In this set of exercise , you will explore how to handle bigdata with RevoscaleR package from Microsoft R (previously Revolution Analytics).It comes with Microsoft R client . You can get it from here . get the Credit card fraud data set from revolutionanalytics and lets get started
Answers to the exercises are available here.Please check the documentation before starting these exercise set
If you obtained a different (correct) answer than those listed on the solutions page, please feel free to post your answer as a comment on that page.
The heart of RevoScaleR is the xdf file format , convert the creditcardfraud data set into xdf format .
use the newly created xdf file to get information about the variables and print 10 rows to check the data .
use rxSummary ,get the summary for variables gender, balance ,cardholder where numTrans is greater than 10
use rxDataStep and create a variable avgbalpertran which is balance /numTran+numIntlTran .use rxGetInfo to check if your changes being reflected in the xdf data
use rxCor and find the correlation between the newly created variable and fraudRisk
use rxLinMod to construct the linear regression of fraudRisk on gender,balance and cardholder.
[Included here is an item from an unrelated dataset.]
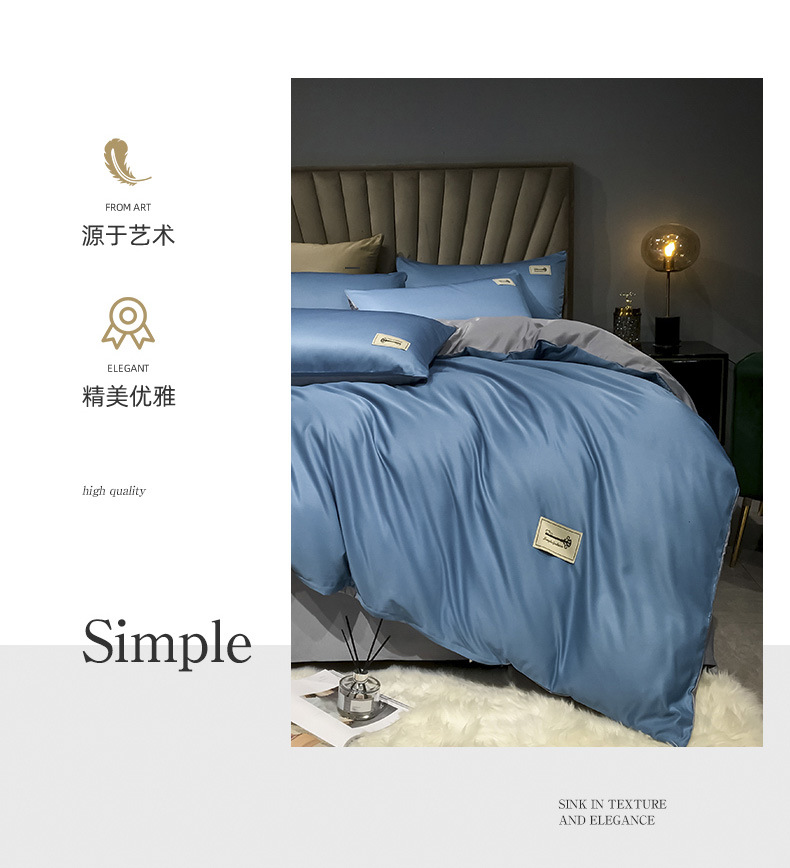 新款纯色60水洗天丝四件套简约时尚春夏凉感真丝床单被套床上用品

Dont forget to check the summary of the model .
Find the contingency table of fraudRisk and Gender , use rxCrossTab .Hint : Figure out how to include factors in the formula .
use rxCube to find the mean balance for each of the two genders .
Create a histogram from the xdf file on balance to show the relative frequency histogram .
Create a two panel histogram with gender and fradurisk as explanatory variable to show the relative frequency of fraudrisk in two genders .